→ AVAILABLE DATA
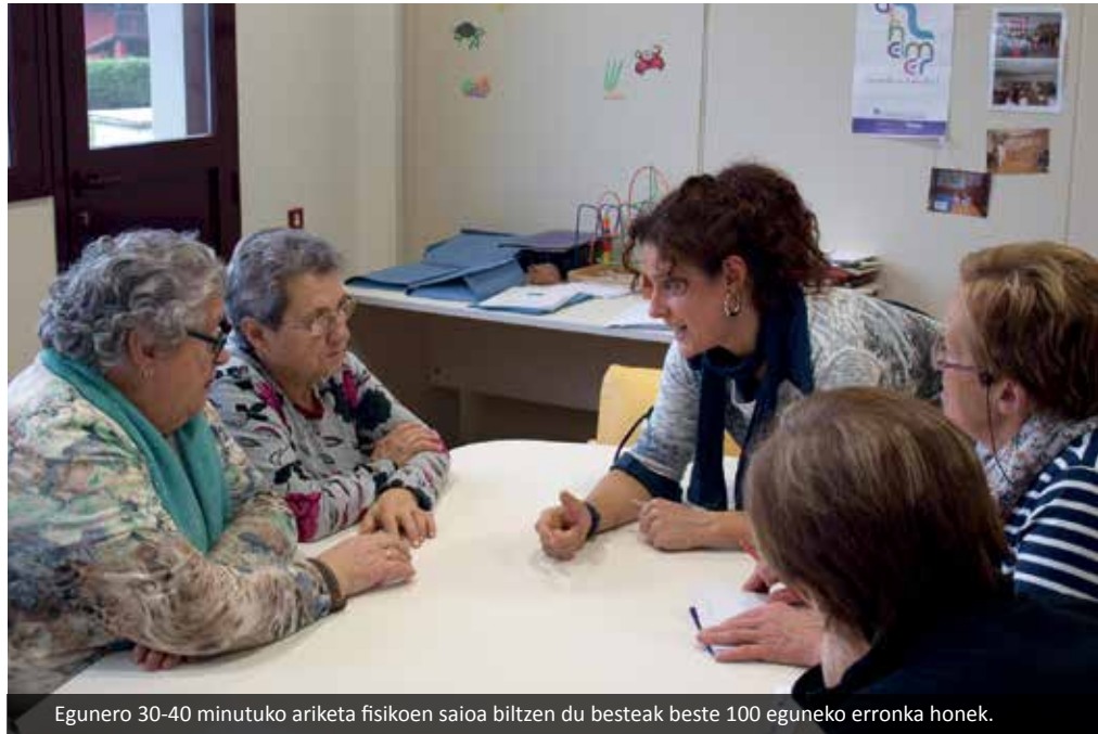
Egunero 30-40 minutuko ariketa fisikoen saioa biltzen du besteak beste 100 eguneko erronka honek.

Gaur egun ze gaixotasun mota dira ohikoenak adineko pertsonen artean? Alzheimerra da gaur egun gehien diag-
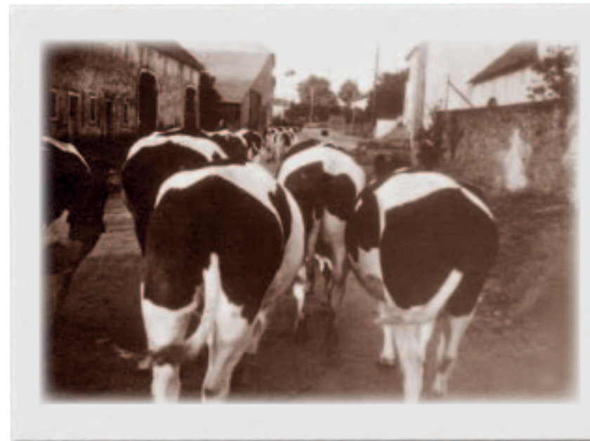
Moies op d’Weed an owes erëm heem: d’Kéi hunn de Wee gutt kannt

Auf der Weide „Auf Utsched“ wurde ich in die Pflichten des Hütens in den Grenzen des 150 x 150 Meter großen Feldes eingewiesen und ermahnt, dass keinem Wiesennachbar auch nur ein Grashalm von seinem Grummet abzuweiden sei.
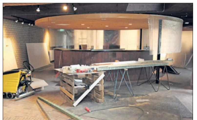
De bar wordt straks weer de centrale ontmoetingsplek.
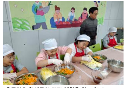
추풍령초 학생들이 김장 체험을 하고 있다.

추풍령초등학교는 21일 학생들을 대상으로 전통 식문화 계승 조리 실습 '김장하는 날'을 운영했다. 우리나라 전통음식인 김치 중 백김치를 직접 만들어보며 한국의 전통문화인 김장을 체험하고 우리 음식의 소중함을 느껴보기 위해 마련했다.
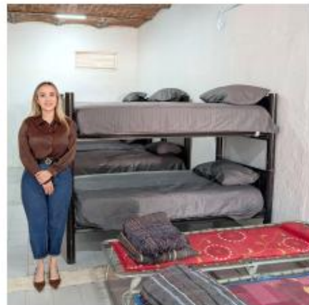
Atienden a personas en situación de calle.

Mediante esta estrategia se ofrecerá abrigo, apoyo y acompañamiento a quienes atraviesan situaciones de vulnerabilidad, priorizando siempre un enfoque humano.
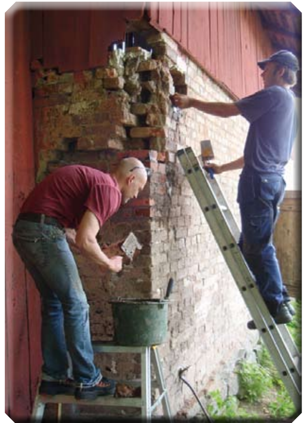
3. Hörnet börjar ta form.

→ REQUIREMENT
The lines from the beginning of the listing above through the line holding "Moies op d’Weed" are to be duplicated exactly, and the pictures omitted.

→ REPLY
Egunero 30-40 minutuko ariketa fisikoen saioa biltzen du besteak beste 100 eguneko erronka honek.

Gaur egun ze gaixotasun mota dira ohikoenak adineko pertsonen artean? Alzheimerra da gaur egun gehien diag-
Moies op d’Weed an owes erëm heem: d’Kéi hunn de Wee gutt kannt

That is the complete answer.